[Date Prev][Date Next][Thread Prev][Thread Next][Date Index][Thread Index]

Re: [HTCondor-users] Job not starting while matching nodes available // User priority for user@us is not available, attempting to analyze without it



Hi Thomas,

What's the security settings on the worker-nodes in your pool like? 

Is it possible that the new schedd hasn't been added to a whitelist of some sort which is used to populate ALLOW_DAEMON, ALLOW_WRITE etc on a worker-node?

Are there any error messages/connection reset fails shown in the schedd and shadow logs?

Cheers, Iain
________________________________________
From: HTCondor-users [htcondor-users-bounces@xxxxxxxxxxx] on behalf of Thomas Hartmann [thomas.hartmann@xxxxxxx]
Sent: 09 May 2016 12:33
To: htcondor-users
Subject: [HTCondor-users] Job not starting while matching nodes available // User priority for user@us is not available, attempting to analyze without it

Hi all,

we have added a second arc ce at our site submitting to our condor pool.
However, jobs do not get started matching available nodes are available [1].
AFAIS both submit hosts should be identical.

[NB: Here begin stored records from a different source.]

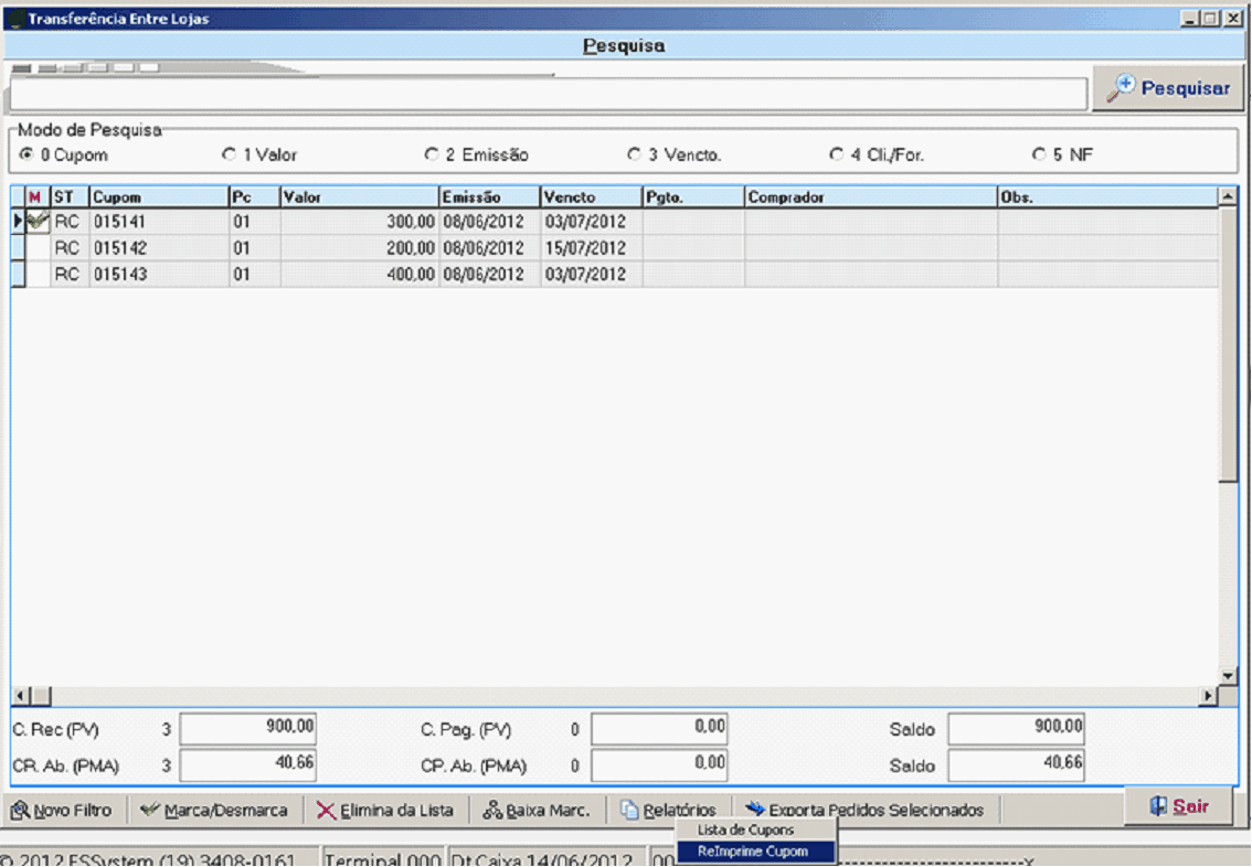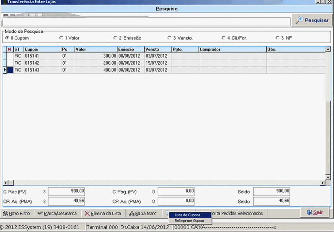 Clicando em .você terá opção de listar os cupons emitidos e reimprimir o cupom que desejar.
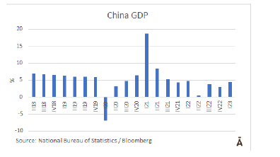 中國2023年第一季度的GDP增長率為4.5%,這是自去年第一季度以來的最高年增長率。這一增長率超過了分析師的預期(4%)。使得一些投行(興業(yè)銀行、花旗集團)將他們對中國經(jīng)濟擴張的預期提高到6%左右,比北京設定的5%增速更高。
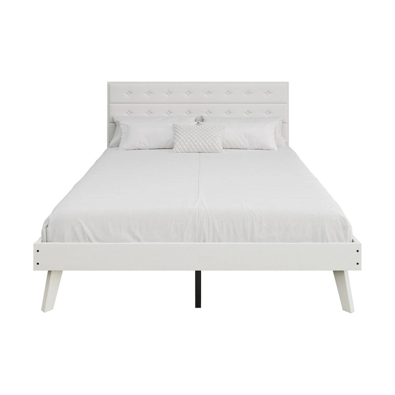 Sublimez votre chambre avec notre lit à tête de lit capitonnée, alliant élégance et confort. Le panneau de la tête de lit, revêtu de lin et rembourré de mousse, assure un confort et un soutien optimaux. Grâce à ses quatre pieds de soutien centraux (pour les tailles Double/Queen) et ses huit pieds (pour la taille King), sa stabilité est garantie. Fabriqué en bois d'hévéa massif et en MDF, ce lit offre une grande durabilité. Le sommier à lattes inclus vous dispense de l'utilisation d'un sommier tapissier. Disponible en tailles Simple, Double, Queen et King, et en deux finitions élégantes (Chêne clair et Blanc) pour s'harmoniser avec tous les styles de décoration. Le montage est un jeu d'enfant grâce aux instructions claires et le lit est livré dans un seul carton.
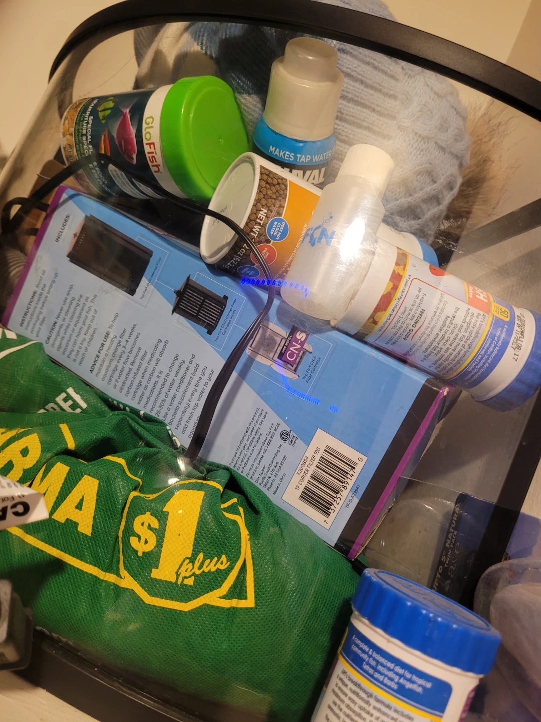 Includes GloFish fish food, Top Fin water conditioner, and a Top Fin corner filter. Also comes with color rocks

But for our new one,
-analysze states for complains that
"User priority for desysgm000@xxxxxxx is not available, attempting to
analyze without it."
which irritates me, since I have assumed the user priority to be a pool
property and not depending on the submit host? The same job submitted on
our working CE/schedd starts immediately [2]

I also tried to boost the priority of the individual jobs but without
success to get them started.

So, I wonder what is missing for our new schedd?

Cheers and thanks,
  Thomas



[1]
> condor_q -n grid-arcce1.desy.de -analyze 2701.0


-- Schedd: grid-arcce1.desy.de : <131.169.223.111:9620?...
---
2701.000:  Request has not yet been considered by the matchmaker.

User priority for desysgm000@xxxxxxx is not available, attempting to
analyze without it.
---
2701.000:  Run analysis summary.  Of 2098 machines,
      0 are rejected by your job's requirements
    126 reject your job because of their own requirements
      0 match and are already running your jobs
   1966 match but are serving other users
      6 are available to run your job


[2]
> condor_q -n grid-arcce0.desy.de -analyze 617405.0


-- Schedd: grid-arcce0.desy.de : <131.169.223.110:9620?...
---
617405.000:  Request is running.